Ninotchka (Ernst Lubitsch / U.S., 1939):

The joke has a melodic forerunner, "How Ya Gonna Keep 'em Down on the Farm (After They've Seen Paree)?" The remains of imperial Russia fit in a jewelry chest, the assignment is to sell them in France but the Bolshie agents (Sig Ruman, Felix Bressart, Alexander Granach) get distracted by capitalistic luxury. "I don't want to go to Siberia!" "And I don't want to go to Hotel Terminus!" Their little bacchanalia in the royal suite is curtailed by the arrival of the eponymous commissar, a frowning column in rigid tunic and beret, Greta Garbo beautifully sending up her own grave persona. Her resolve is tested by the boulevardier (Melvyn Douglas) whose suavity plays irresistible force to her immovable object. "Must you flirt?" "I don't have to, but I find it natural." "Suppress it." "Occident de désirs," as Mallarmé would have it, an ideal backdrop for Ernst Lubitsch's shimmering junction of sex and politics.
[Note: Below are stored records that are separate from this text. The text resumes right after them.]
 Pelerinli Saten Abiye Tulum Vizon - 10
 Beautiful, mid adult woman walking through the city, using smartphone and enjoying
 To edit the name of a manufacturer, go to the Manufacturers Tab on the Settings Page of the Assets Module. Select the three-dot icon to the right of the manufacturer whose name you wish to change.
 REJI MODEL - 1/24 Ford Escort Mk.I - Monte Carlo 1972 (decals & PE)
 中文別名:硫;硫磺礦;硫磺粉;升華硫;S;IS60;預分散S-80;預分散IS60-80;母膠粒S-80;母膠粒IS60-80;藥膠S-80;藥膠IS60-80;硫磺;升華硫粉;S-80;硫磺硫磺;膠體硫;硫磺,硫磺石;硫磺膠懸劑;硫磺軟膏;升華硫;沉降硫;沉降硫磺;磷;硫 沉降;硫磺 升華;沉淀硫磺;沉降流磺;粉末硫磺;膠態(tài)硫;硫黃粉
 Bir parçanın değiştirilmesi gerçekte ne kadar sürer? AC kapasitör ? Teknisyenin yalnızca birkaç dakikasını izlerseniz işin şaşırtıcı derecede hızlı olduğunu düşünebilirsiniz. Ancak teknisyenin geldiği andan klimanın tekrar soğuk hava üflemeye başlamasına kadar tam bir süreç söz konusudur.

The Eiffel Tower is first and foremost a feat of architecture in the heroine's eyes, unenchanted by the City of Lights seen from the top. "I do not deny its beauty, but it's a waste of electricity." Jokes bounce fruitlessly off her until an accidental pratfall cracks the cement, Garbo mimes the guffaw as if gasping for air, the Great Thaw continues with glasses of bubbly and a certain haute-couture chapeau. Execution and resurrection by champagne, a tipsy plea for romance in a world on the edge of cataclysm: "Not yet, please. What's the hurry? Give us our moment. Let's be happy." (Even Lenin's photograph softens into a smile.) No sadder sight than a redacted love letter, no more hopeful place than a haven for defectors. "We have the high ideal, but they have the climate." Wilder goes on to build off of his own screenplay in One, Two, Three, Mamoulian provides the official remake (Silk Stockings) and Sternberg the unofficial one (Jet Pilot). With Ina Claire, Bela Lugosi, Gregory Gaye, Rolfe Sedan, Edwin Maxwell, Richard Carle, and George Tobias. In black and white.